I preheated the smoker before putting the meat in and it was well over 200. I placed my 8lbs of brisket in there and the temp has never rose past 200 degrees. Any thoughts? I am not using an extension cord. I have water in the pan and had chips in. Chips are out now still water in the pan.. and still not rising?....It has been at 200 and no higher for around 4 hours now. Let it shut for quite some time hits 200 on the door thermometer and the oven thermometer I have on the rack confirms.

Hope someone can offer a suggestion. I tried glancing through the forums to find a solution. Apologize in advance if I missed it.


----------



## fwismoker (May 11, 2013)

Have you tried a real thermometer in it yet because ones that come with smokers are usually very inaccurate?


----------



## fwismoker (May 11, 2013)

oh sorry i didn't see that you had an oven thermometer.  Is it cold where you're at?


----------



## clarkjg33 (May 11, 2013)

It is currently 48 degrees with a "real feel" according to Accuweather of 39 degrees with a constant wind speed of 11mph but gusts up to 20 mph.


----------



## fwismoker (May 11, 2013)

clarkjg33 said:


> It is currently 48 degrees with a "real feel" according to Accuweather of 39 degrees with a constant wind speed of 11mph but gusts up to 20 mph.

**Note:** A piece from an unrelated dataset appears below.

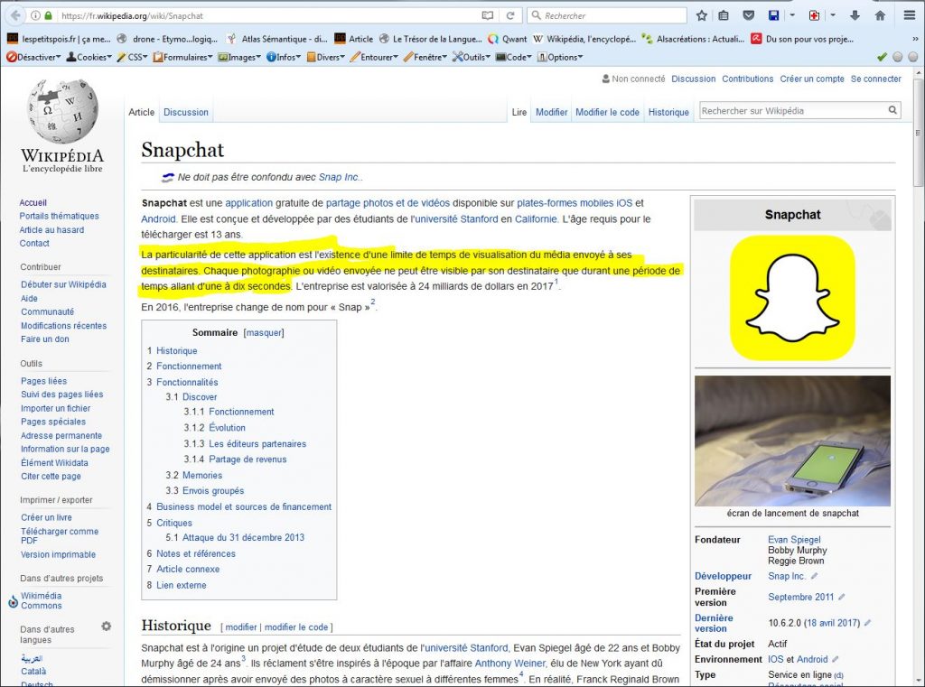 Et son concept de base, c’est la photo ou la vidéo éphémère: les utilisateurs s’échangent des photos ou vidéos et ces dernières ne sont visibles que quelques secondes (https://fr.wikipedia.org/wiki/Snapchat)
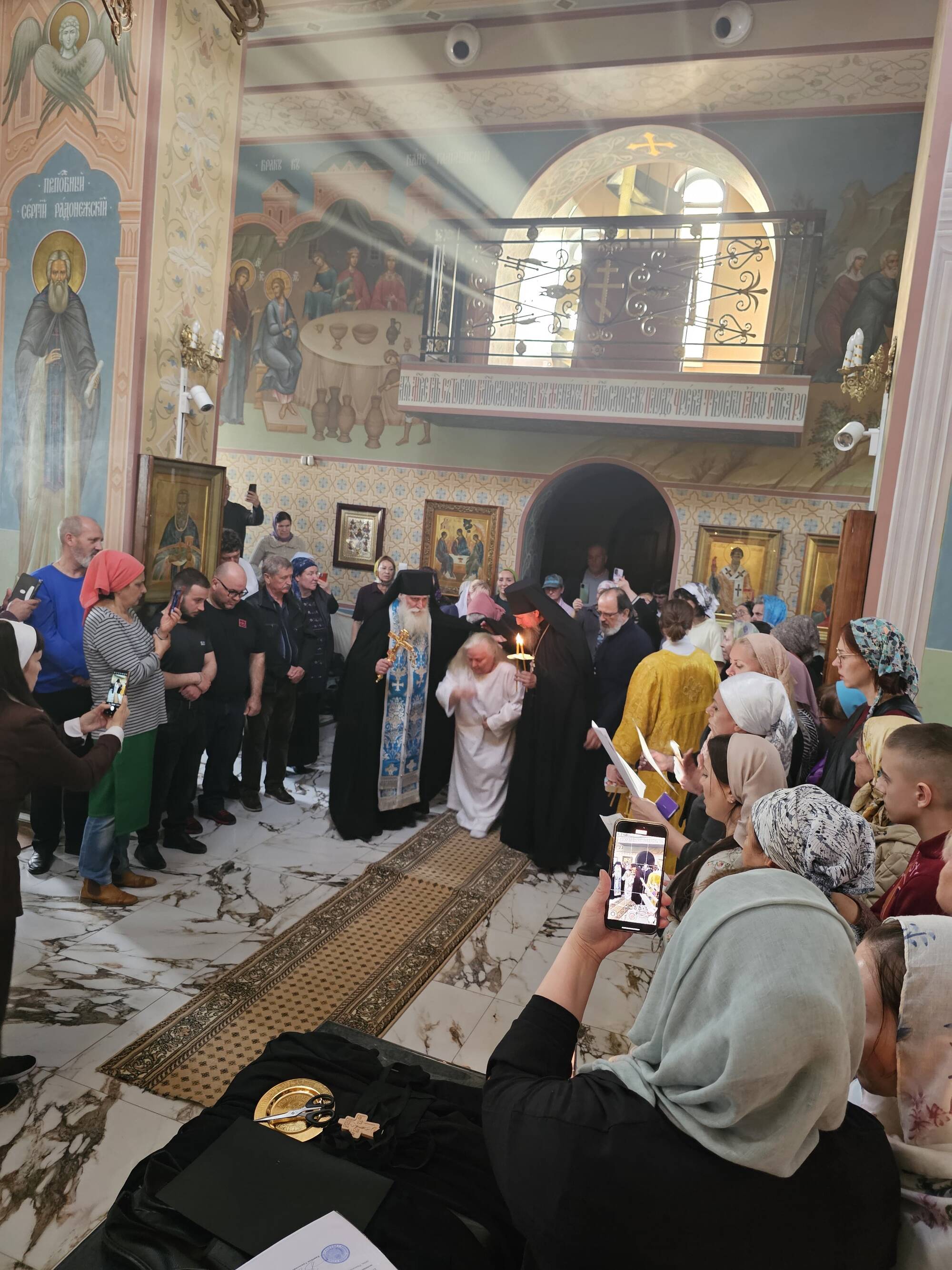 По заамвонной молитвы было совершено славление Святителю Тихону и прп. Марии Египетской.

That has to be frustrating....hopefully there is a way to bypass the control and increase the amps and give it some additional insulation.


----------



## geerock (May 11, 2013)

A big difference between the analog and digital masterbuilts is that the analog is not insulated.  Although four hours seems like a lot, its possible that you put a cold brisket with cold water into an uninsulated cabinet and that's the reason.  But, again, 4 hours?   I don't know.


----------



## woodcutter (May 11, 2013)

The meat is keeping the temp down right now. The smoker temp will climb after the meat temp starts to climb. It is like throwing a block of ice inside and having the heat try to battle the cold.


----------



## clarkjg33 (May 11, 2013)

Thanks for the information guys... greatly appreciated. Just got the used smoker from a friend and taking my first stab at it


----------